FinOps

L’approche FinOps c’est quoi ?

L’approche FinOps, contraction des termes finance et opération, vise à monitorer et optimiser les coûts en matière de cloud computing. Le principal défi sous-jacent ? Trouver le bon compromis entre le budget et les dépenses attribuées aux services cloud d’une part, et la performance et l’innovation IT recherchées en termes business d’autre part. L’objectif n’est pas seulement de faire des économies, mais de tendre vers le juste prix. Dans le sillage des méthodes agiles, le FinOps implique aussi une collaboration étroite entre les équipes de gestion des opérations informatiques et les équipes métiers. Plus qu’une approche, le FinOps est donc aussi une culture d’entreprise.

L’approche FinOps a donné naissance à un référentiel de bonnes pratiques open source baptisé FinOps World. Pour mettre en place une politique FinOps, ce référentiel recommande de bâtir une structure de gourvernance via la création d’un centre d’excellence cloud. Orchestré par un lead FinOps, il sera typiquement composé d’un gestionnaire de programme, d’un lead architecte, d’un lead DevOps et d’un lead SecOps. Objectif : insuffler la culture FinOps au sein de l’ensemble des équipes de développement et d’opération informatique.

En lien avec la direction financière, le centre d’excellence cloud aura pour mission de définir des objectifs d’optimisation de coûts en fonction du budget informatique prévisionnel. Des objectifs qui seront ensuite attribués aux équipes de développement et d’opération. Pour suivre l’atteinte de ces objectifs, il dressera un reporting financier avec des indicateurs clés de performance. Un tableau de bord qui permettra à la finance de contrôler la bonne mise en œuvre du FinOps. Evidemment, ce cadre de pilotage passe par la définition d’une politique d’achat, avec des recommandations en matière d’offres cloud à utiliser, et par une politique de refacturation interne ad hoc.

AWS fournit quatre outils conçus pour piloter les dépenses engagées sur sa plateforme. En amont, AWS Cost Explorer s’articule autour d’un tableau de bord pour visualiser les coûts des différents services cloud utilisés au fil du temps. Permettant d’appliquer différents filtres (comptes, périodes, offres…), il intègre des modèles d’analyse prédictive en fonction de l’historique de consommation. Deuxième outil, AWS Trusted Advisor analyse en temps réel les performances des instances exécutées selon les besoins en performances et capacités du client. Il désactive les machines virtuelles (VM) inactives et redimensionne celles qui s’avèrent surprovisionnées ou inadaptées à la charge de travail. EC2 Right Sizing fournit des recommandations à la fois sur les paramétrages techniques des services AWS et sur l’optimisation des coûts, en éliminant notamment les ressources IT inutilisées. Enfin, AWS Budgets permet de se fixer un budget et d’être prévenu en cas de dépassement.

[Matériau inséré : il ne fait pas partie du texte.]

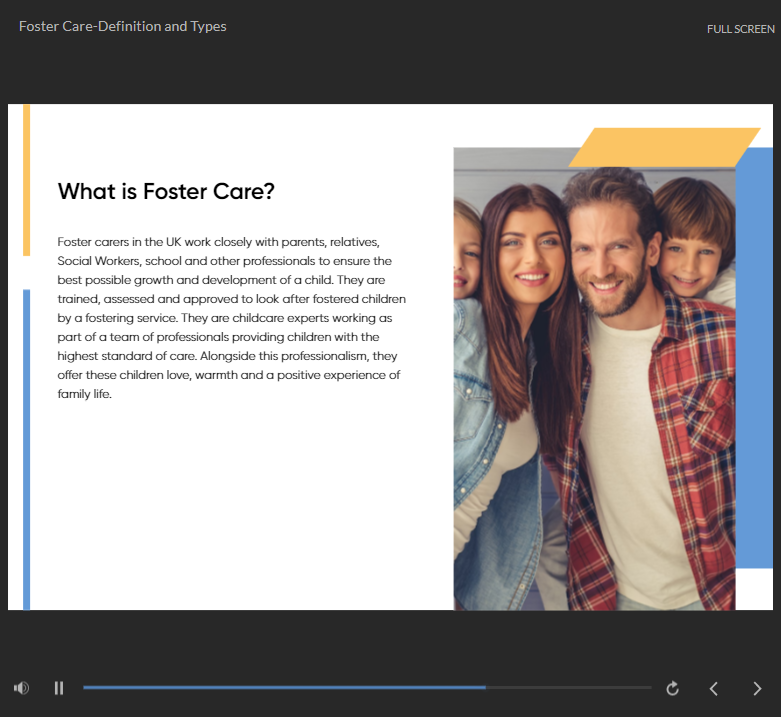 After studying the Foster Care Training Course course, your skills and knowledge will be tested with a MCQ exam or assignment. You must get a score of 60% to pass the test and get your certificate.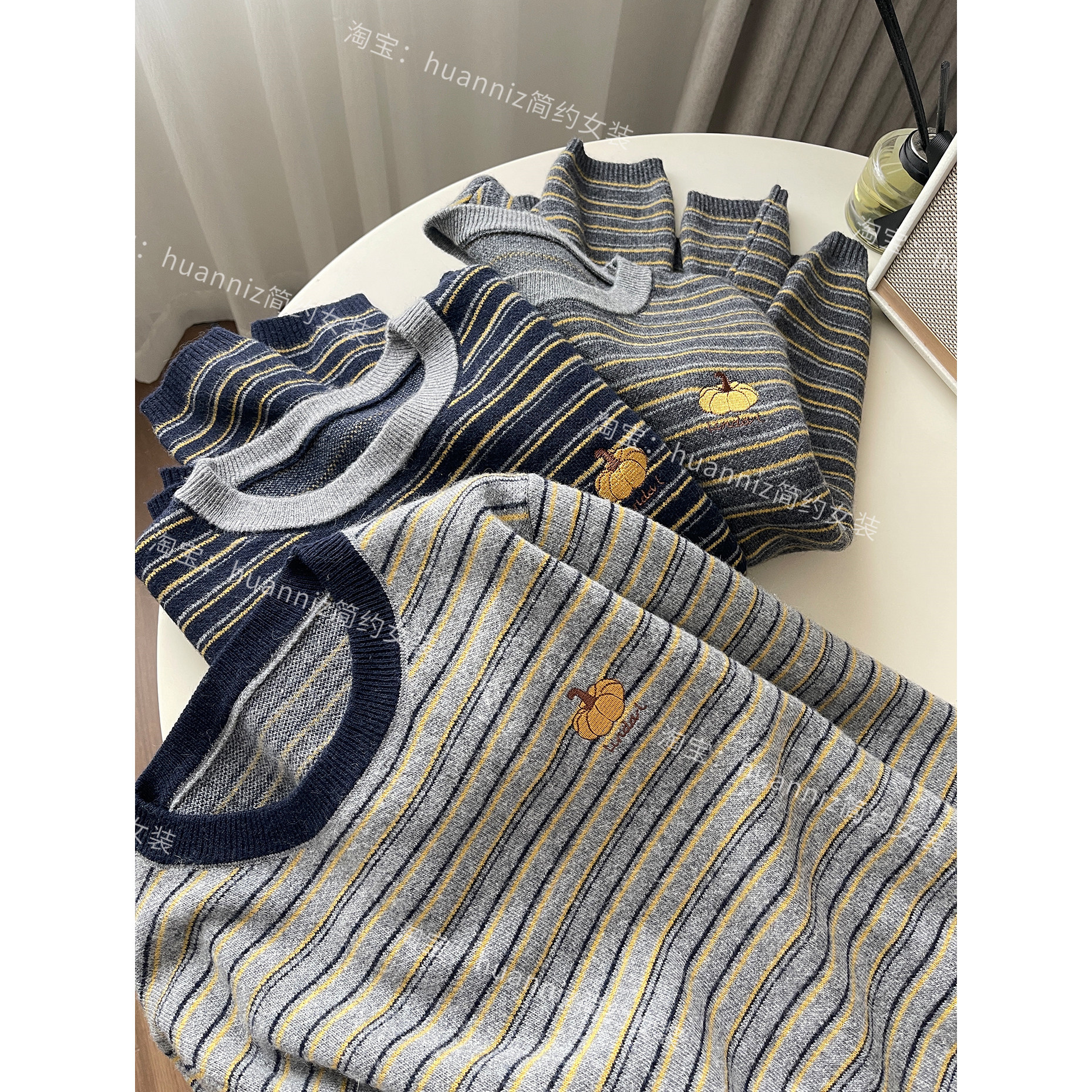 mlmr条纹针织衫秋冬季新款时尚圆领复古撞色刺绣毛衣针织衫男女

Comme AWS, le cloud de Microsoft intègre une série de services de gestion de coûts. D’abord, Azure est équipé d’une calculatrice pour estimer le montant à engager en fonction des architectures et briques retenues. C’est l’équivalent de l’AWS Pricing Calculator. A l’instar d’AWS Cost Explorer, Azure Cost Management consolide de son côté les ressources consommées et les dépenses associées au sein d’un tableau de bord unifié. Parmi ses points différenciant, l’outil ne se contente pas de monitorer les coûts d’Azure, il permet également de piloter ceux d’AWS en se connectant aux API de ce dernier. Autre avantage, l’application de data visualisation Power BI de Microsoft se connecte à Azure Cost Management, ouvrant la possibilité à la création de tableaux de bord personnalisés.

Au lieu de proposer plusieurs outils de FinOps comme le font AWS et Azure, GCP (Google Cloud Platform) a fait le choix de proposer dans ce domaine un service unique. Baptisé Cost Management, il inclut à la fois une console de suivi des dépenses, la possibilité de créer des tableaux de bord personnalisés. Mais aussi une gestion des ressources cloud par projets, ainsi qu’un pilotage des habilitations financières en fonction des budgets alloués, avec à la clé des alertes en cas de dépassement. Enfin, la solution gère les exports vers BigQuery en vue de réexploiter les données financières dans l’application de data visualisation Data Studio de Google.